Q: Does gender still play a significant role in promotion decisions? Is it easier for a mediocre male to land a prize leadership role?
A: This is a very live topic. Maria Rachelle addressed it in her Harvard Business Review article entitled, “Why Do So Many Incompetent Men Become Leaders?” (blogs.hbr.org, August 26, 2013 ). Rachelle’s article has raised provocative comments in response to her conclusion that “[t] he real gender issue isn’t a lack of qualified women, but a surplus of unqualified men.”
Whether you agree with Rachelle’s conclusion or not, it is clear we still live in a gender normative business world that rewards male leaders more frequently and more visibly than it does female leaders. Whether this is due to the prevalence of “unqualified men” is open to debate. Many reasons have been cited for gender leadership discrepancies in the workplace from the role “soft skills” play in leadership to the contrast between “male” and “female” values. Issues of access, personal power, presentation and favoritism also come into the discussion. At the core of the discussion, though, are a few fundamental questions:
- Is the whole notion of powerful “leadership” still synonymous in practice with “male leadership”? Is “female leadership” synonymous with weakness?
- Do we still harbor a visceral notion of leadership that tends to favor males/disfavor females?
- Are we more willing, as a culture, to tolerate mediocre male leaders?
- Do we notice female faults, failings and challenges more readily than we notice those of their male peers?
- Do organizations, perhaps by default, groom male middle managers more intentionally for leadership overlooking real female talent in the process?
The article has generated much heated commentary and analysis of everything from soft skills to “command-control” leadership styles. If I had to stake a claim to a position, it would be that the key issue is perception – not competence. I do believe “perception” has strong gender biases that then substantiate the belief in male competence even when the evidence suggests otherwise.
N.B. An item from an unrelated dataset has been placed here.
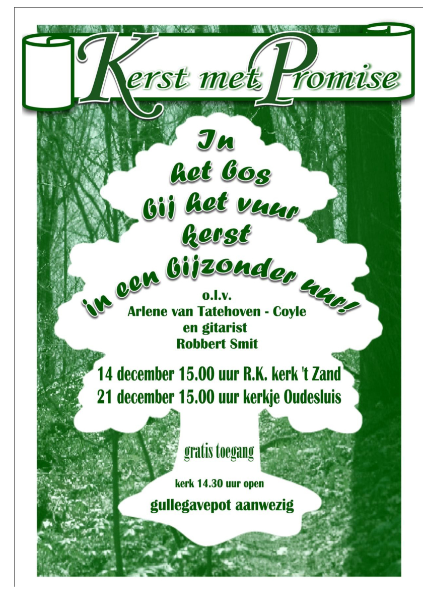 Koor Promise uit ’t Zand nodigt u uit voor hun bijzondere kerstconcert onder de artistieke leiding van Arlene van Tatenhove-Coyle en gitarist Robbert Smit. Kerst met Promise: In ’t bos bij het vuur, kerst in een bijzonder uur.

My experience has been that it takes much more “incompetence” for a male leader to be judged as such than it does a female leader.
Another way to look at the topic is to see who gets the proverbial “benefit of the doubt.” Many of us are more willing to give a male in a position of authority the “benefit of the doubt” than a female in a parallel role with similar skills. Generally, we do tend to be more critical and less forgiving of women, and this, perhaps even more than women’s “predisposition” to certain skills, traits and operating styles, may account for our perception of their leadership.
Interestingly, I have encountered a similar phenomenon when doing reference checks on powerful women leaders. It is often the case that their peers and supervisors communicate their behavior as intolerable, inexcusable or overly aggressive. At least, this is what they report in a reference process. I suspect the references would not be as critical of a male exhibiting similar traits. Being an Alpha male is okay; being an Alpha female is not.
The tenet of the Rachelle article seems to be that being a mediocre male is generally okay, whereas being a mediocre female is not. My take on all of this is that we have learned to be more critical and to have higher expectations of women in the workforce. This plays itself out in a number of measurable ways including, perhaps, our tolerance for less successful male leaders. If that is the case, and it may well be, the solution is not to start decrying men or waging war on them in the workplace. Rather, the solution might be to take a more generous approach to women who aspire to leadership.